Il chercha à récupérer sa main pour examiner de plus près sa blessure, mais Kasey la garda fermement entre les siennes. Sachant que son valet pouvait être plus têtu que lui, surtout lorsqu’il s’agissait de sa santé, il ne lutta pas plus.
“Je vais retirer ton gant,” déclara Kasey, une fois qu’il fut sûr qu’Ewald ne chercherait pas à récupérer sa main avant qu’il ne puisse le soigner.
“Est-ce vraiment nécessaire ?”
Immédiatement, il regretta cette question alors que son valet le fusillait de ses yeux verts.
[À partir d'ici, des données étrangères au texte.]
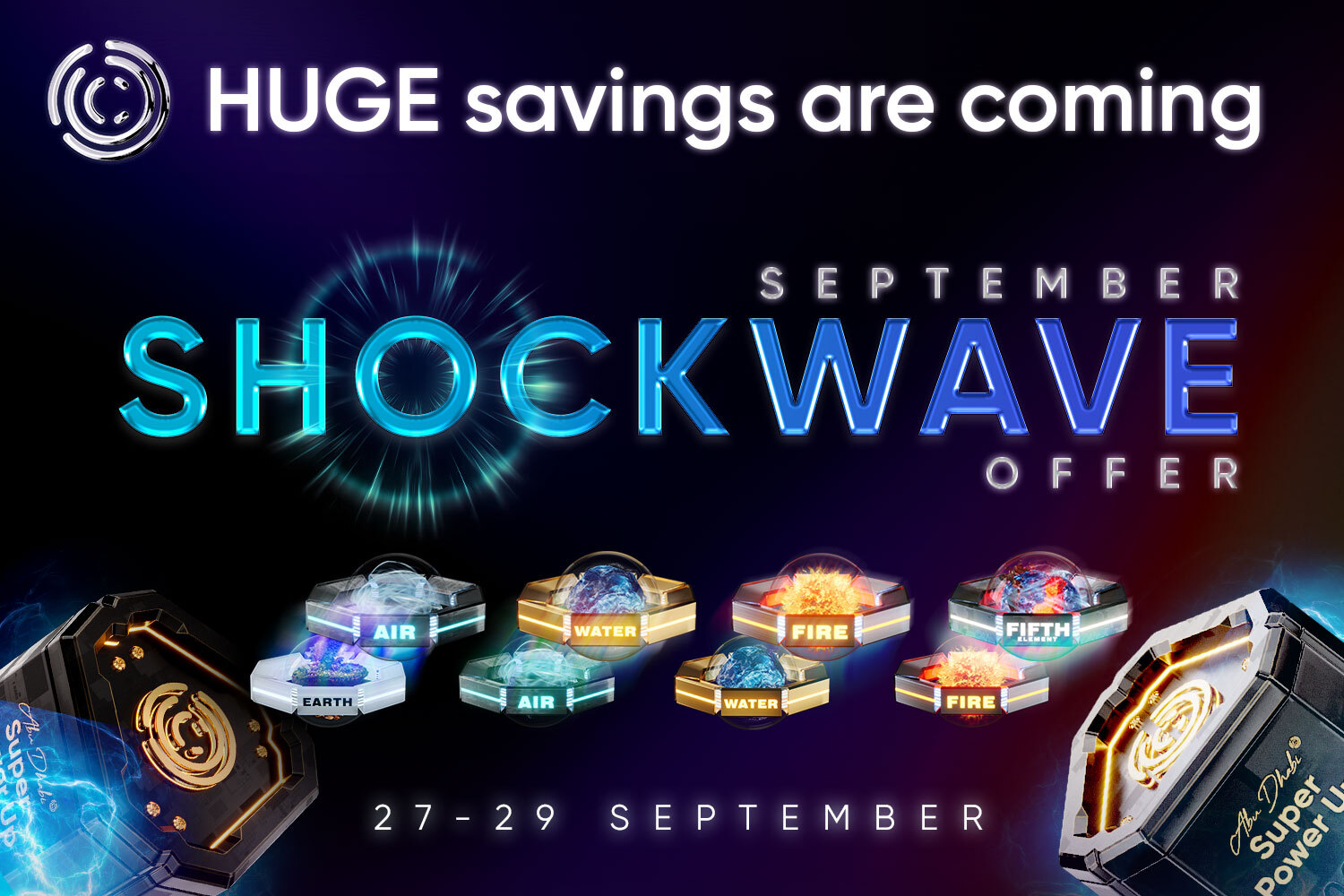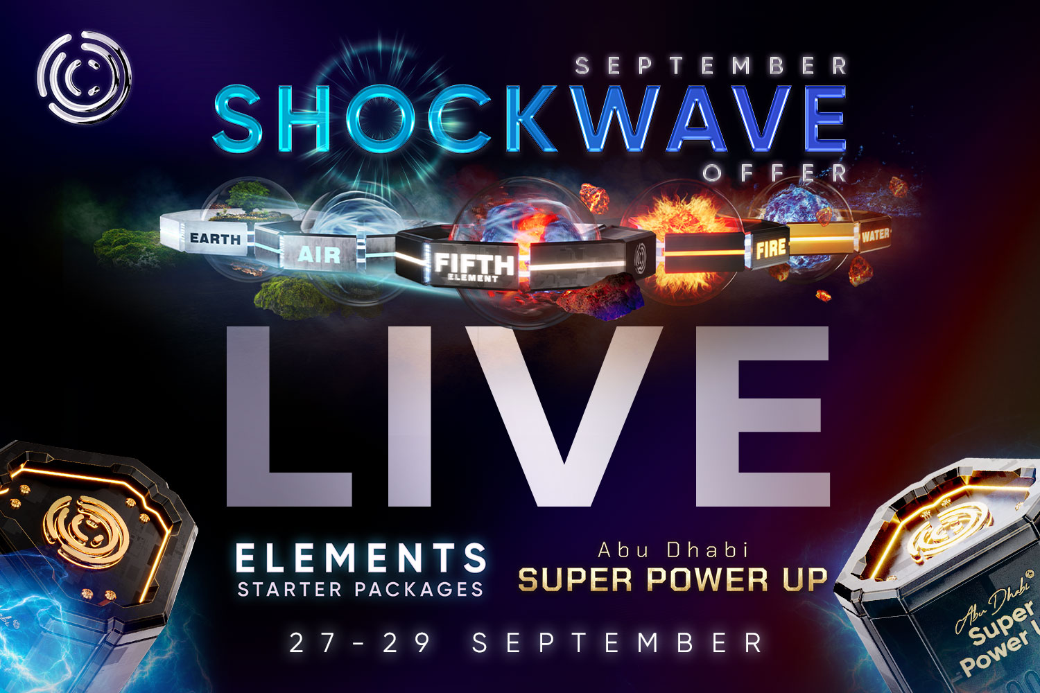 Zářijová nabídka Shockwave vám nabízí fantastickou 5% slevu na naše úžasné startovací balíčky Abu Dhabi Super Power Up a Elements. ADSPU je plný všech produktů, nástrojů a výhod, které potřebujete k povznesení svého podnikání, a startovací balíčky Elements jsou vaší vstupní branou k úspěchu v podobě tokenu C1.

“Est-ce vraiment nécessaire de te laisser saigner comme ça ? Est-ce vraiment nécessaire de te blesser de la sorte ? Est-ce vraiment nécessaire pour toi de te martyriser ainsi ?!” Questionna-t-il, son visage défiguré tant par la colère que par ses cicatrices. “Pourquoi cherches-tu donc à porter ce poids ? Pourquoi veux-tu être coupable des crimes des autres ?!”
“Parce que je suis coupable ! Je suis un Dralyon ! Tu sais bien que c’est la vérité !” Répondit avec désespoir Ewald.
“Imbécile ! La seule vérité est que Fabel était et est coupable de ces événements ! Depuis longtemps ils rêvent de leur vengeance, de leur conquête du continent ! Ce qu’il s’est produit il y a seize ans n’était pas de ta faute !”
“Mais -!”
“Est-ce qu’Anastasiy est coupable de la situation actuelle de l’Empire ?”
Ewald se tut, s’avouant vaincu face à Kasey, qui poussa un soupir. Le silence reprit ses droits dans le bureau alors que le valet ôtait le gant, devenu rouge. Une nouvelle journée commençait et pourtant, le passé semblait toujours les poursuivre.